WHAT YOU HAVE TO DO: Please print, exactly, only the lines in the entries below from the line that has "Estuche para Teléfono" through the line that has "A robust cooler". Pictures don't go in.

SOURCE MATERIAL:
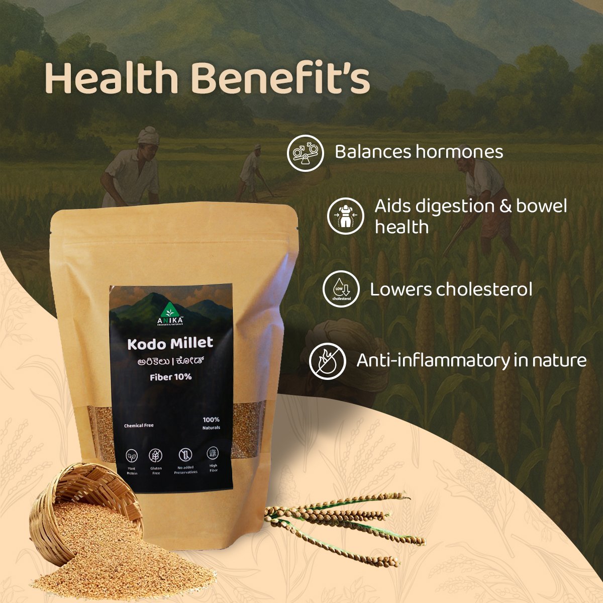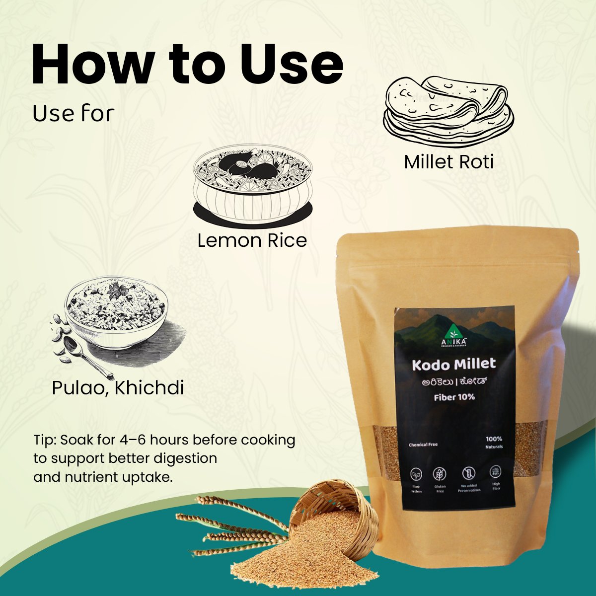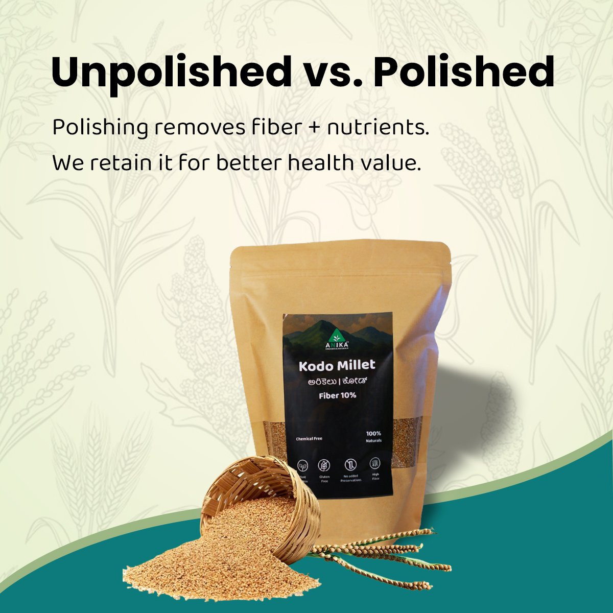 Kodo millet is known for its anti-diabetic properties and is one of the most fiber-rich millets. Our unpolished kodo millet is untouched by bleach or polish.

--

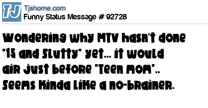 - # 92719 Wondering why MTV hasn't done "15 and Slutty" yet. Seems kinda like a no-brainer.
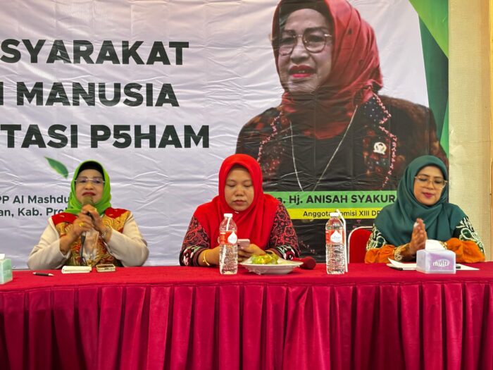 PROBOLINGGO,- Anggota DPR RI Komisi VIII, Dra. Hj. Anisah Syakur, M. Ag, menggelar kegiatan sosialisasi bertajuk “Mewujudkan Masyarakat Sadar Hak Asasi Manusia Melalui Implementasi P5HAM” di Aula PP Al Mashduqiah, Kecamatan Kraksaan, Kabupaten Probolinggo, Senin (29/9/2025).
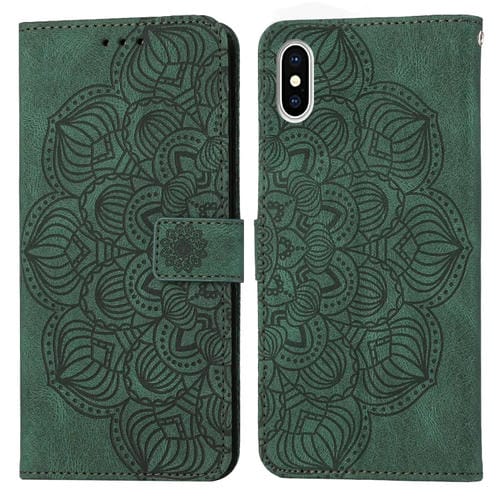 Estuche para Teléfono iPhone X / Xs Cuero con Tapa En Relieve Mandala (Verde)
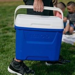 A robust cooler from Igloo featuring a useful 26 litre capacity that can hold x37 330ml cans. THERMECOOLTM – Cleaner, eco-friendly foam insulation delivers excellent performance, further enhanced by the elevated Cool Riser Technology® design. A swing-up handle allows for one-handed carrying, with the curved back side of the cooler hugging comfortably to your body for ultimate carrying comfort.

==

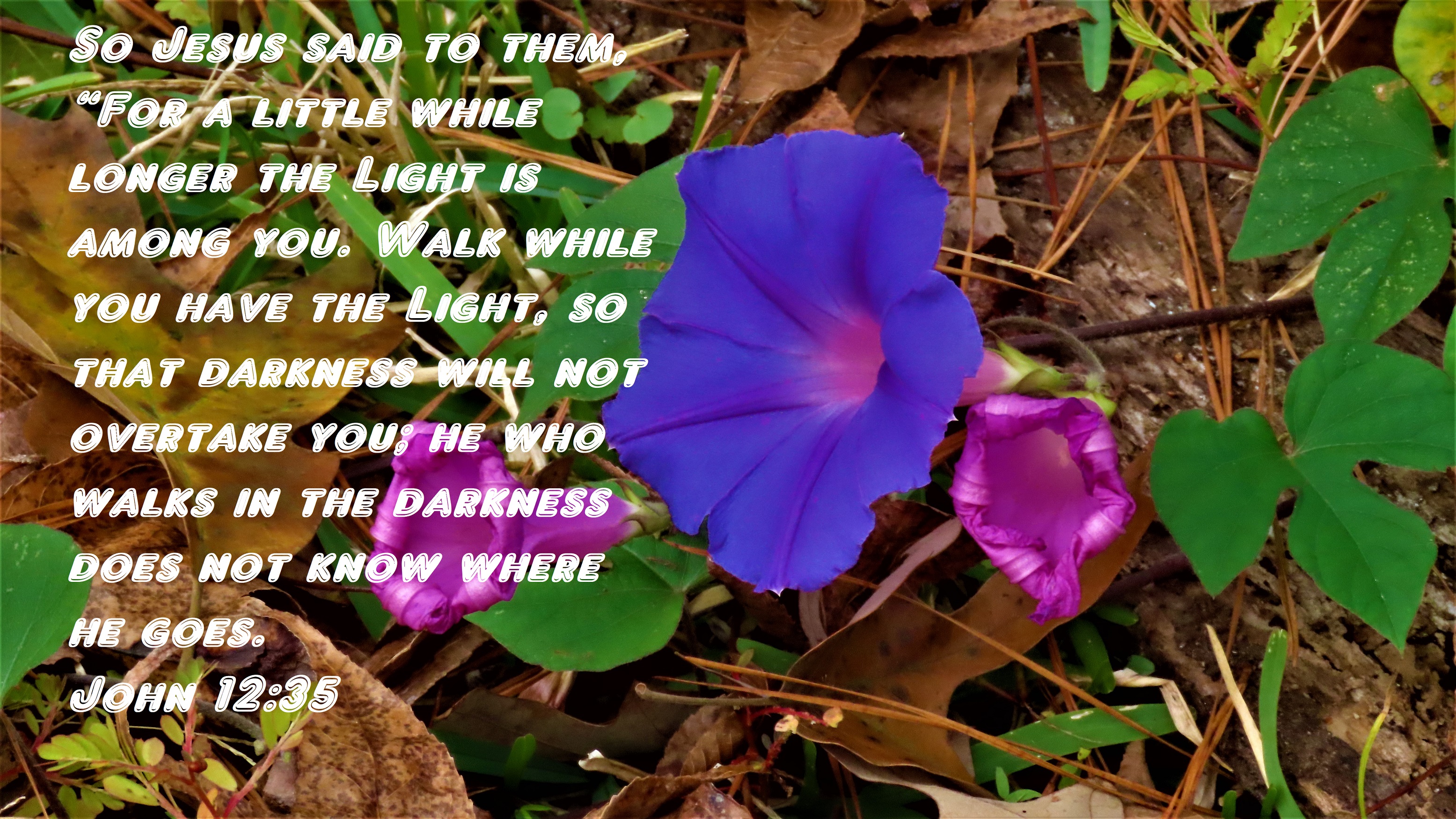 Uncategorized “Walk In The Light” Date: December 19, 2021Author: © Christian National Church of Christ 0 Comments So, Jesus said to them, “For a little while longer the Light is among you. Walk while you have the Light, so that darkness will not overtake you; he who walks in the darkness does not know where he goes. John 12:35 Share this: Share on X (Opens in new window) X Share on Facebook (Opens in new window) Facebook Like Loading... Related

ANSWER:
 Estuche para Teléfono iPhone X / Xs Cuero con Tapa En Relieve Mandala (Verde)
 A robust cooler from Igloo featuring a useful 26 litre capacity that can hold x37 330ml cans. THERMECOOLTM – Cleaner, eco-friendly foam insulation delivers excellent performance, further enhanced by the elevated Cool Riser Technology® design. A swing-up handle allows for one-handed carrying, with the curved back side of the cooler hugging comfortably to your body for ultimate carrying comfort.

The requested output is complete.